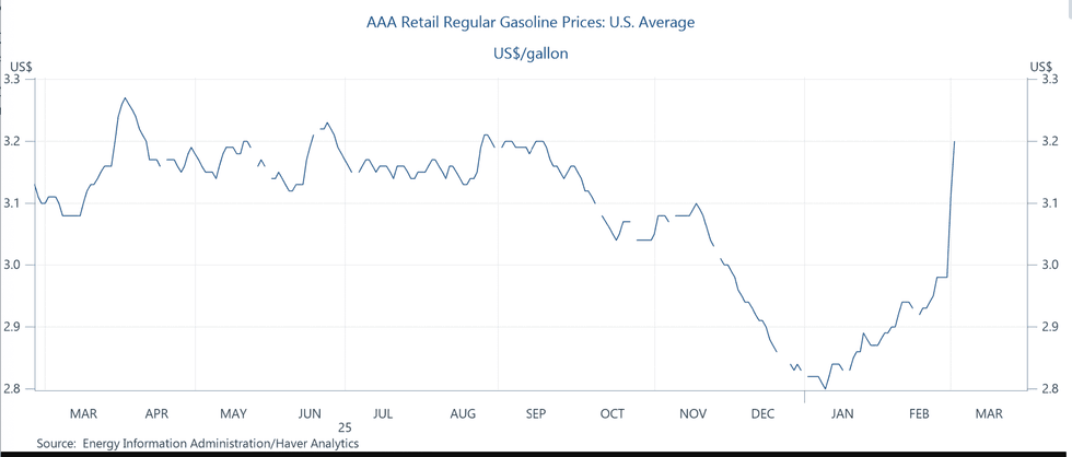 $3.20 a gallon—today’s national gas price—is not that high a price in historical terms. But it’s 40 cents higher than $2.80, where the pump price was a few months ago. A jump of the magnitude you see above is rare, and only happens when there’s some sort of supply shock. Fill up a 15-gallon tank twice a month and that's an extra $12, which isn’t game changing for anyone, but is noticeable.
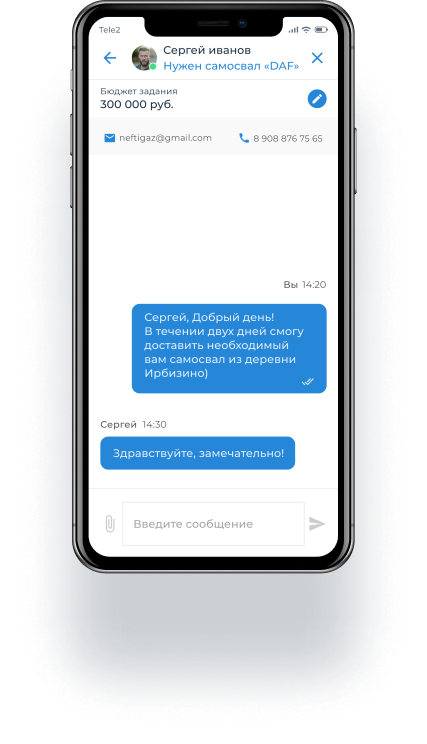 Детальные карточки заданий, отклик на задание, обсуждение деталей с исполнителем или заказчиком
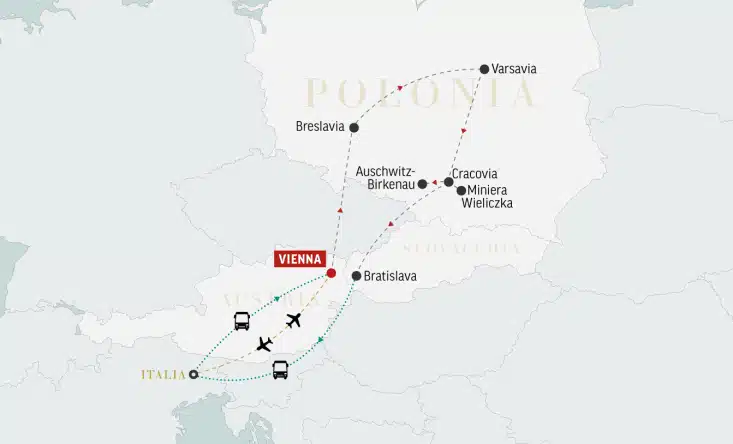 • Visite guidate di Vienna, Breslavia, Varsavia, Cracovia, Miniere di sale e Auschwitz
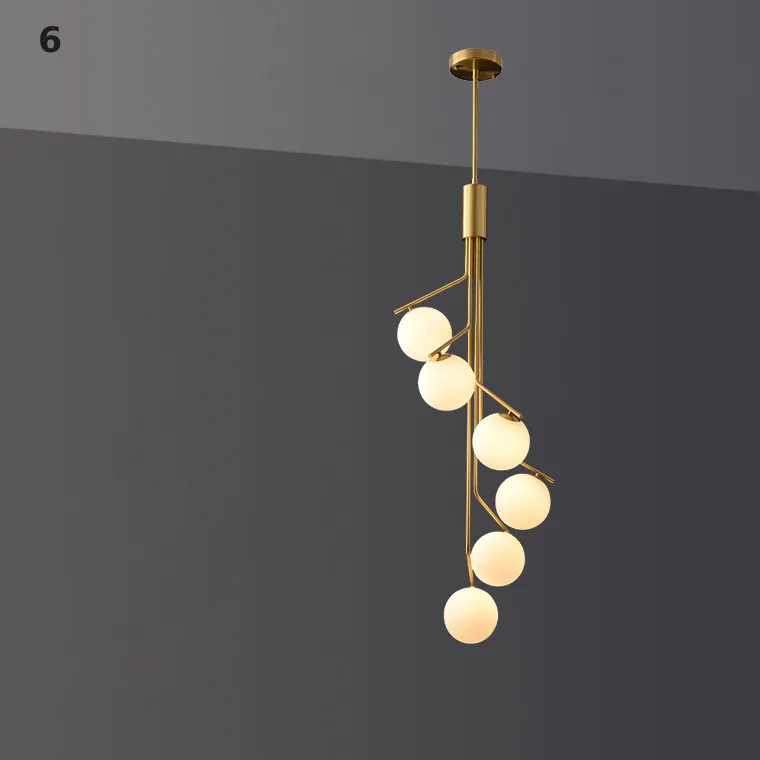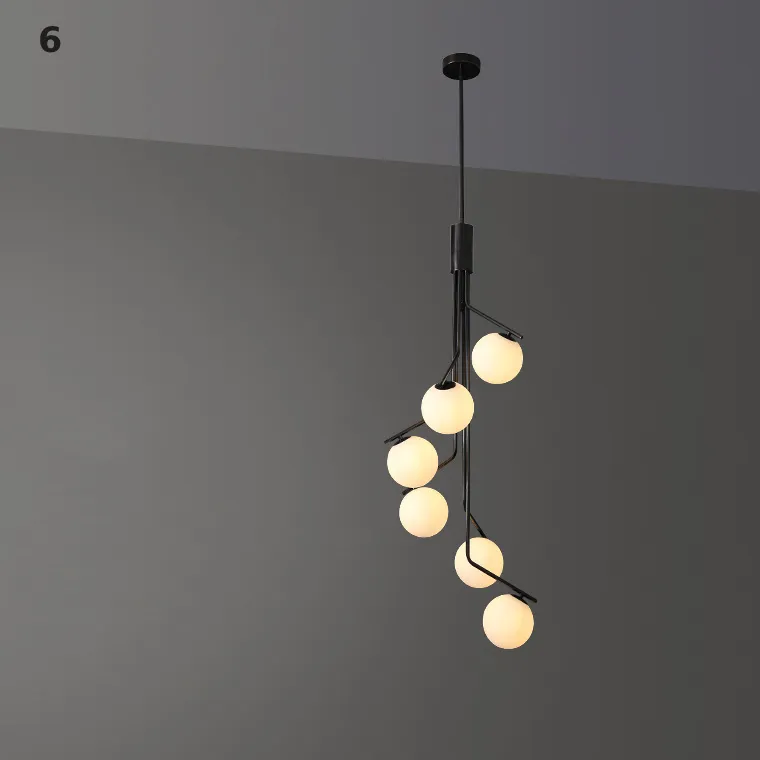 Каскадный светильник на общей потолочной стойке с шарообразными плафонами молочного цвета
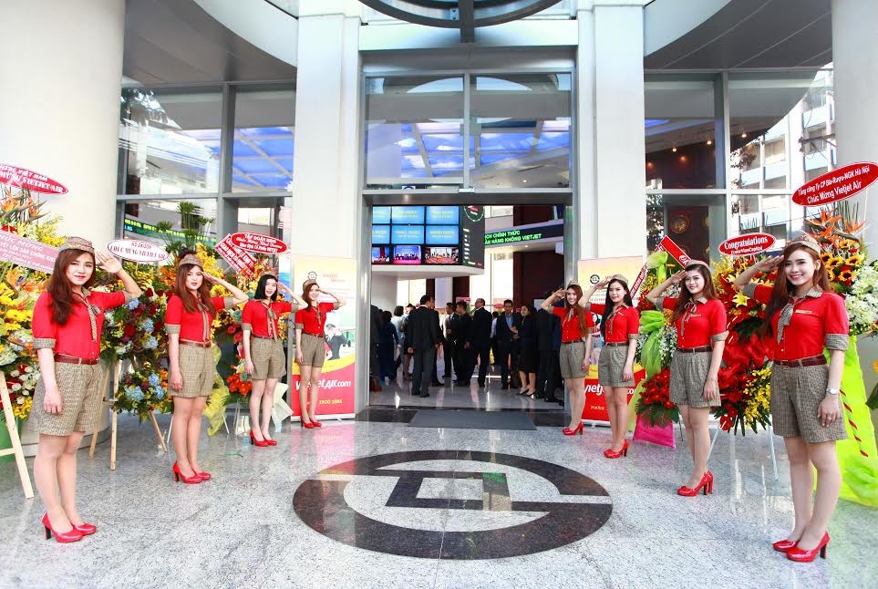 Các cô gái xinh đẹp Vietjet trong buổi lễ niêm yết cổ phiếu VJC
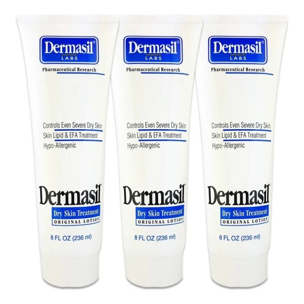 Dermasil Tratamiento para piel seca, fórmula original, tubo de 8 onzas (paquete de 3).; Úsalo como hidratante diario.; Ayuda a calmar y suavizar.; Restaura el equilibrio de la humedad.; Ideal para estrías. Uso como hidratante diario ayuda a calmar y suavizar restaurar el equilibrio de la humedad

**Problem statement:**
Hand back the exact lines from the start of the entries to the line with "sale e Auschwitz", both ends kept and pictures left out.

**Your response:**
 $3.20 a gallon—today’s national gas price—is not that high a price in historical terms. But it’s 40 cents higher than $2.80, where the pump price was a few months ago. A jump of the magnitude you see above is rare, and only happens when there’s some sort of supply shock. Fill up a 15-gallon tank twice a month and that's an extra $12, which isn’t game changing for anyone, but is noticeable.
 Детальные карточки заданий, отклик на задание, обсуждение деталей с исполнителем или заказчиком
 • Visite guidate di Vienna, Breslavia, Varsavia, Cracovia, Miniere di sale e Auschwitz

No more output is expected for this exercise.